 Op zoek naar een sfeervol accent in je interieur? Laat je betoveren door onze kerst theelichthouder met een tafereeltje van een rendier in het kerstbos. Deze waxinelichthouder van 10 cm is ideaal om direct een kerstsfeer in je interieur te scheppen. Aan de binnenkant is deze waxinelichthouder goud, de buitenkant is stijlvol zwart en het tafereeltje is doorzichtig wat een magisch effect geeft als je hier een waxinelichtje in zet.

* * *

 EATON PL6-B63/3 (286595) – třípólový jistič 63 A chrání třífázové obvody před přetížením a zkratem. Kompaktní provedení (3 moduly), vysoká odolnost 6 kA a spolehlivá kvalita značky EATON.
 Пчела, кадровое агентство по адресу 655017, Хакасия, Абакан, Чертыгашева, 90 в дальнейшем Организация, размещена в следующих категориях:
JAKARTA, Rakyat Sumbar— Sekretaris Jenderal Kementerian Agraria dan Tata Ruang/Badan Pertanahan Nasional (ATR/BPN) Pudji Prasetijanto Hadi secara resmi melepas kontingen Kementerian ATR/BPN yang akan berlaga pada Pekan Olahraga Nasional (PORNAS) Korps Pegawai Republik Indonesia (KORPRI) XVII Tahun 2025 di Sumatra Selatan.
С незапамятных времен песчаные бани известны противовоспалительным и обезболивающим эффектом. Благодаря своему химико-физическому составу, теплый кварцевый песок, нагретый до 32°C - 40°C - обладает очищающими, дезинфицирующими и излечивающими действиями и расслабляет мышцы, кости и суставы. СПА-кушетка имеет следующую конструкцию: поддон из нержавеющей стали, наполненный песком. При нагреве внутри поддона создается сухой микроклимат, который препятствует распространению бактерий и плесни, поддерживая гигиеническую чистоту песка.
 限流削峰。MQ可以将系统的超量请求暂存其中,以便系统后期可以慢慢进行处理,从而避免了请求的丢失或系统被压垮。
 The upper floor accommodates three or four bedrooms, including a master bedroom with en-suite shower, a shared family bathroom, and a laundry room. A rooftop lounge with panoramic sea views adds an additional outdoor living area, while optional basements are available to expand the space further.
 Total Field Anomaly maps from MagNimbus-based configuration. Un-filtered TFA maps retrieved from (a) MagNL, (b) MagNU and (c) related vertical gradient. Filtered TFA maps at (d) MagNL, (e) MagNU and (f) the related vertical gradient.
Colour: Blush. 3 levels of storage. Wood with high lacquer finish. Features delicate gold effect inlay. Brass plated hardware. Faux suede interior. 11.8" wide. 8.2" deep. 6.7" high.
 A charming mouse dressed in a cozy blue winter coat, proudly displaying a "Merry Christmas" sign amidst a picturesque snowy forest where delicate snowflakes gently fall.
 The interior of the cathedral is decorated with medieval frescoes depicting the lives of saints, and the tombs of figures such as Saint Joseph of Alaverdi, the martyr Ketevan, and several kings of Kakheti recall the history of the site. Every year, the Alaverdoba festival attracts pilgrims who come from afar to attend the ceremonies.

_WHAT IS EXPECTED_. Look back at the data above. Transcribe exactly the lines starting at the line that contains "Пчела, кадровое агентство" and ending at the line that contains "The upper floor".

_RESPONSE_.
 Пчела, кадровое агентство по адресу 655017, Хакасия, Абакан, Чертыгашева, 90 в дальнейшем Организация, размещена в следующих категориях:
JAKARTA, Rakyat Sumbar— Sekretaris Jenderal Kementerian Agraria dan Tata Ruang/Badan Pertanahan Nasional (ATR/BPN) Pudji Prasetijanto Hadi secara resmi melepas kontingen Kementerian ATR/BPN yang akan berlaga pada Pekan Olahraga Nasional (PORNAS) Korps Pegawai Republik Indonesia (KORPRI) XVII Tahun 2025 di Sumatra Selatan.
С незапамятных времен песчаные бани известны противовоспалительным и обезболивающим эффектом. Благодаря своему химико-физическому составу, теплый кварцевый песок, нагретый до 32°C - 40°C - обладает очищающими, дезинфицирующими и излечивающими действиями и расслабляет мышцы, кости и суставы. СПА-кушетка имеет следующую конструкцию: поддон из нержавеющей стали, наполненный песком. При нагреве внутри поддона создается сухой микроклимат, который препятствует распространению бактерий и плесни, поддерживая гигиеническую чистоту песка.
 限流削峰。MQ可以将系统的超量请求暂存其中,以便系统后期可以慢慢进行处理,从而避免了请求的丢失或系统被压垮。
 The upper floor accommodates three or four bedrooms, including a master bedroom with en-suite shower, a shared family bathroom, and a laundry room. A rooftop lounge with panoramic sea views adds an additional outdoor living area, while optional basements are available to expand the space further.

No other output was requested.